Don't know your Twitter from your Flickr? Then maybe next year you should head to San Francisco for the American Association of Advertising Agencies' Leadership Conference. Yeah, you read that right. The 4A's Leadership Conference, an event known as an excuse for agency bigs to get their drink on, play a little golf and splash around in the pool, this year dipped its toes into something more substantial: the 21st century.
This will go down as the year the 4A's, under new management, geeked out. In the span of a year, the annual gathering was transformed from a venue for PowerPoint-driven dog and pony shows from big-agency CEOs to a vastly more engaging gathering with a diverse list of speakers who addressed the change sweeping the marketing world. This year's event, held at a Ritz-Carlton hotel on a bluff overlooking the Pacific, had its shortcomings, the most glaring being the absence of marketers who ultimately control budgets. But for the most part, the conference finally felt like an accurate depiction of the marketplace rather than a museum piece -- an important development for an industry often accused of not keeping up with the times.
Credit goes to 4A's Chairman Tom Carroll, who for months had been working on a way to modernize an event that seemed to have bottomed out last year, and Nancy Hill, who recently became the first woman chosen as CEO of the organization. With different styles, the pair managed to instill a sense of purpose to an affair that was not merely flirting with irrelevance but rounding third base. Besides getting a wider variety of speakers and honing the content on important issues, they did what would have been unthinkable in past years: They stripped club and racket sports from the official agenda.
All eyes on Hill
Mr. Carroll, head of TBWA Worldwide and one of the few senior executives in advertising who visibly enjoys working in the business, kicked things off Tuesday with an impassioned, off-the-notes address that took aim at the industry's critics, i.e. the ad press, and poked fun at agencies' fear of digital, comparing it to the way the Bush administration depicts al-Qaida.
All eyes were on Ms. Hill, still in her first months as president-CEO of the 4A's. The longtime agency hand succeeds O. Burtch Drake, who in his 14 years on the job took a lot of flak for encouraging a country-club feel to the organization and its events. Getting into the spirit of things, Ms. Hill referred to herself as a "geek" when introducing Google's Mr. Schmidt. She also continued to signal that improving the industry's record on diversity would be a priority during her tenure. On Wednesday, she announced a partnership with Howard University, a historically black college, to create a center to boost minority inclusion -- particularly of African-Americans -- in the industry's senior ranks. The 4A's is pledging $250,000 to launch the center, with another pledge to raise an additional $750,000 annually. The center will provide professional development and leadership training and also will produce research about diversity in the industry.
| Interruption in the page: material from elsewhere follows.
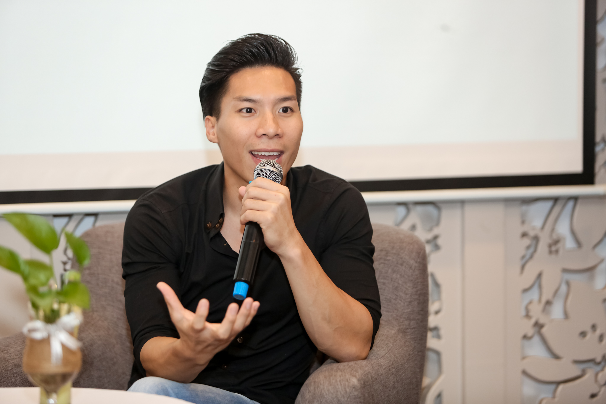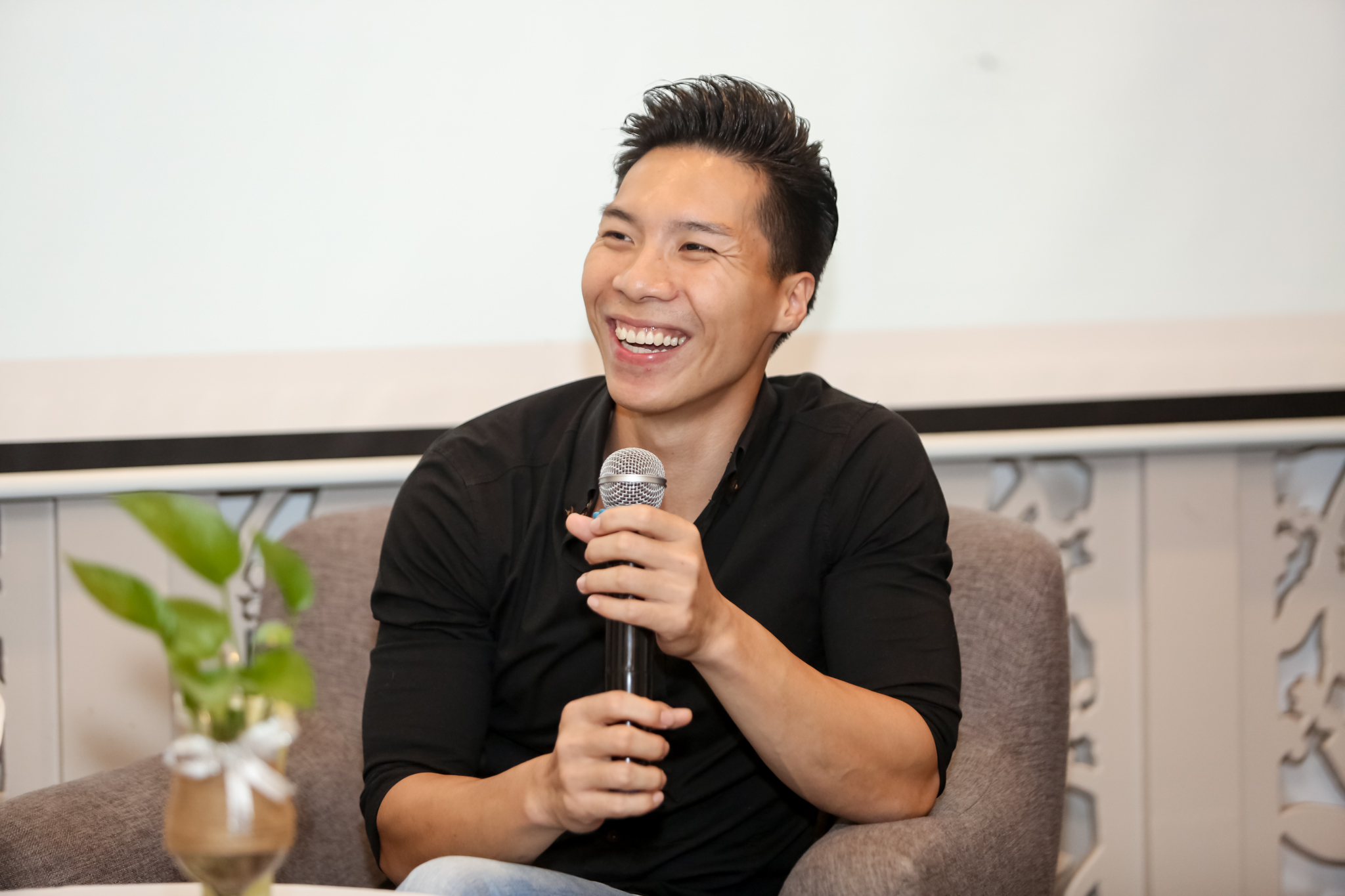 Nghệ sĩ xiếc Quốc Nghiệp trong buổi họp báo.

But the biggest priority was clearly the digital education of the conference's 380 participants. Not only did the list of speakers include people from all the right companies -- Yahoo, Microsoft, Digitas, Tribal DDB, media-buying goliath Group M, Google -- but the organizers even set up some hands-on schooling. The morning of the first day was devoted to general sessions with big-name speakers, while the afternoon was reserved for breakouts focused on digital themes. In conferencespeak, the term "breakout" often translates to "beer me!" but these sessions were generally well-attended, despite the nearby presence of a pool, a beach, a spa and two bars. (An in-depth Ad Age investigation of these venues found them largely devoid of attendees.)
All participants interviewed said it was a marked improvement over recent conferences. "I found it surprisingly engaging in ways that I didn't think I was going to," said first-timer Cary Hatch, president-CEO of Washington-based MDB Communications. "I figured it'd be leaning toward digital, and there would be great entertainment, food, what have you ... but the level of brain thrust for networking and the passion for the business that exists today as opposed to 10 or 15 years ago was palpable."
Joe Grimaldi, president-CEO of Interpublic Group of Cos.' agency Mullen, said this year's confab had a noticeably different vibe. "I'm not saying old is bad and new is good -- I'm saying different," he wrote in an e-mail. "Nancy and Tom are different people with different perspectives and some different thoughts. No dissing the past; rather, it's a reminder that change is good for every organization to get re-energized."
If there was one source of concern among some attendees, it was the organizers' announcement early in the week that future conferences wouldn't be held in boondoggly resorts in places such as Naples, Fla., or Scottsdale, Ariz., but instead would be destined for urban locales like next year's setting, the Westin Hotel in San Francisco. Mr. Carroll may have caught some heat for that stance, because as the conference went on, he softened a bit and suggested the organizers would alternate between cities and resorts -- a reminder that no matter how much the ad game changes, it's still very much a business of compromise.